Today’s state fascization is by no means taking place through a primitive conspiracy between fascist movements and the state, which itself is riddled with gangs, but is primarily a structural and sequential transformation of the political system and its apparatuses driven by the state itself. The fascization of the state is therefore not characterized by brown uniforms in the streets and the takeover of ministries by right-wing groups, but by a tendency that is prepared, driven forward and executed in the ministries and apparatuses themselves. The tendency towards fascization, in turn, does not concern the state organs alone, but all those forms of the deep state to which the new expert regimes, managers and non-state organizations belong, a network that contradicts the old national forms of fascism, a multiverse of strategies and tactics that not only belong to state power and its fields, but include vectors that serve the control and modulation of labor power, the modeling of individuals and the enforcement of life forms, and not least the semiotic control systems, as Guattari says, education, sport, media, marketing and all kinds of wellness techniques, from psychiatry to solar centers, which are to be mentioned here as pillars.

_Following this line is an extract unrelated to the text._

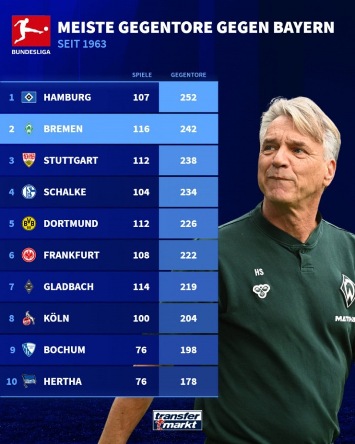 直播吧9月26日讯本周五晚拜仁即将在主场迎战不莱梅,德国转会市场网统计了德甲成立以来面对拜仁丢球数最多的10支球队,其中汉堡排名第一,不莱梅就位居第二。
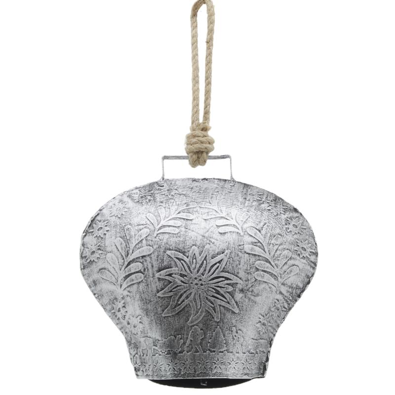 CLOCHE METAL GRIS AVEC EDELWEISS ET ANSE CORDE H15CM

The new neo-fascist movements subordinate the capitalist economy to the logic of civil war (without, however, touching the economy in its rules of the game), especially when, as today, it no longer seems possible for parts of the middle classes to follow various neoliberal postulates that demand the enrichment of the self, the self-responsible entrepreneur and cultural singularity. In its boom phase, the neoliberal project propagated individualism without the individual as well as competition and fed the resentment (of the middle classes) in the face of the threat of decline, thereby promoting identitarian policies, the nationalization of work and paranoia. The post-fascist movements have adopted this conglomerate of governance practices in order to configure a set of dispositifs that intensify civil war. The biopolitical concept of these post-fascisms consists in the direct implantation of race war in class conflicts (and this can go hand in hand with new forms of colonization, as the case of Greece shows, where all possible apparatuses of the war machines of capital have been mobilized to colonize all social relations). The important operations of identitarian and neo-fascist politics, which operate in the real milieu of war with and against populations, focus as enemies above all on the deeply colonized and molecularized sections of the population such as foreigners, migrants, refugees and Muslims.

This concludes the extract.